During viral gastroenteritis, WHO-style oral rehydration therapy uses specific glucose and electrolyte concentrations so the small intestine can absorb sodium even when diarrhea continues. Plain water supports mild thirst but may not replace sodium, potassium, and bicarbonate lost in stool and vomit. For heat exhaustion, move to a cool place, loosen clothing, and hydrate — but call emergency services if mental status changes, skin is hot and dry, or temperature is very high (possible heat stroke).
Reassess hourly early in illness: improving urine frequency and lighter color, tolerating ORS, and stable dizziness are encouraging signs. Worsening scores or new red flags override an earlier mild result.

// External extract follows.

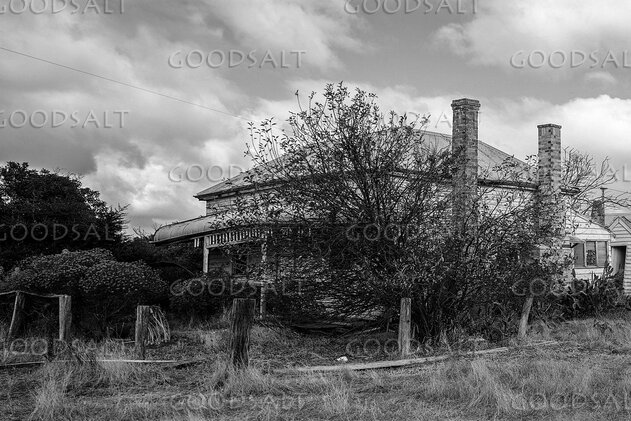 Abandoned farmhouse with front fenced garden and rear machinery shed. by Mal Austin
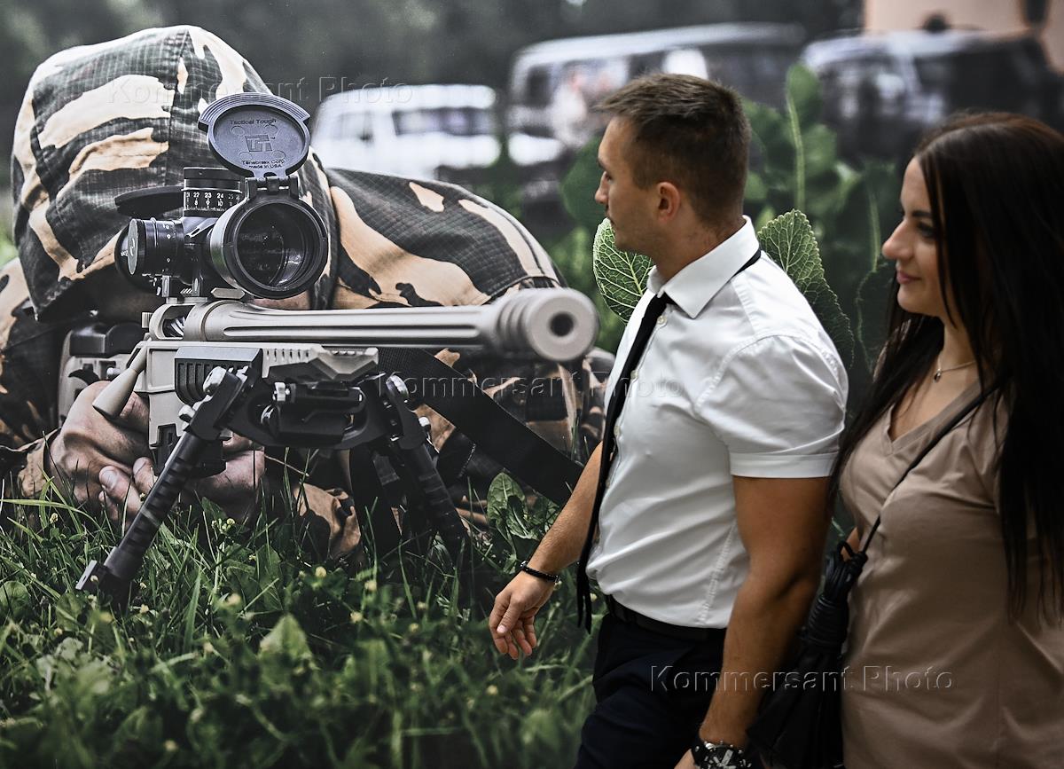 International exhibition of weapons and goods for hunting "Orёlexpo 2022" in Gostiny Dvor. A visitor inspecting weapons from the Novosibirsk Instrument-Making Plant at an exhibition.

Older adults may have blunted thirst and lower physiologic reserve — moderate scores warrant lower thresholds for in-person assessment. Pregnancy with hyperemesis or inability to hydrate needs obstetric guidance, not only home ORS. Diabetes can present with vomiting and altered mental status from DKA — this checklist cannot distinguish DKA from simple gastroenteritis. Chronic kidney or heart disease requires individualized fluid plans rather than aggressive self-rehydration from a web score.
Hospital fluid teaching: maintenance fluid calculator · osmolality calculator · GFR calculator.
Medical emergency: Confusion, fainting, chest pain, bloody stool, severe abdominal pain, or inability to urinate require emergency care — not home rehydration based on this educational score alone.